I've left H and currently trying to process wether my thoughts and feelings are valid or not.
So here's one of them.
H works in building and self employed. It's long days, very tiring, not the nicest when the weather is crap, very stressful.
And I understand this. I get it. He is absolutely excellent at what he does, I'd recommend him to anyone. His puts 100% in his jobs and never cuts corners.
I am a sahm. I my eldest dc (from a previous relationship) has autism and I gave up work a long time ago for that reason. H brings in a good wage and I get carers allowance for my son. Financially we are fine.
H is always telling me he goes to work and it was draining me.
If I ask him to help with anything he just says 'I've been at work, I'm tired' or something along those lines.
The minute he gets home from work he just sits on the sofa until he goes to bed. Usually has a shower then.
The football is on and that's it. He's always tired and always stressed.
On a morning there will always be little comments like 'let's see what stresses I have today then' or 'I'm going to have so much to do today'
It make me feel so small. Even though I work hard. The house is always spotless, I take care of absolutely everything else. He just goes to work.

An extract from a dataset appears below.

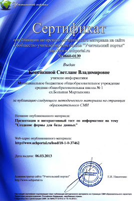 сертификаты о публикации

He does not get me anything for my birthday every year as he doesn't have time. He will pop to the shop (once when I was in the car) to get me a card and that's it. It's like I don't deserve anything else.
I've tried to tell him how I feel but again all I get is 'I work hard, I'm stressed at work'
He's just always always moaning about how tired he is or how he doesn't feel well....but he has to go to work!
I suggest going back to work but he says I don't need too. And it would be difficult as there's only very limited hours I could work due to my son.
I've also suggested he change jobs but again he won't. Building is all he's ever known.
I've tried ignoring it but it gets me down, he makes me feel like I just don't matter and I'm just there to look after him. That's all I'm there for. I'm not loved. He doesn't show me affection.
He can ask me to rub his feet or his shoulders and I always did. But if I asked....you know what the response is. 'I've been at work, I'm too tired!'
He also can't stand it when I'm ill. I don't make a fuss, j just carry on if I can but I was recently put on antibiotics for a sinus infection and he didn't like it. Same when I had a kidney infection and he just had a bit of a cold.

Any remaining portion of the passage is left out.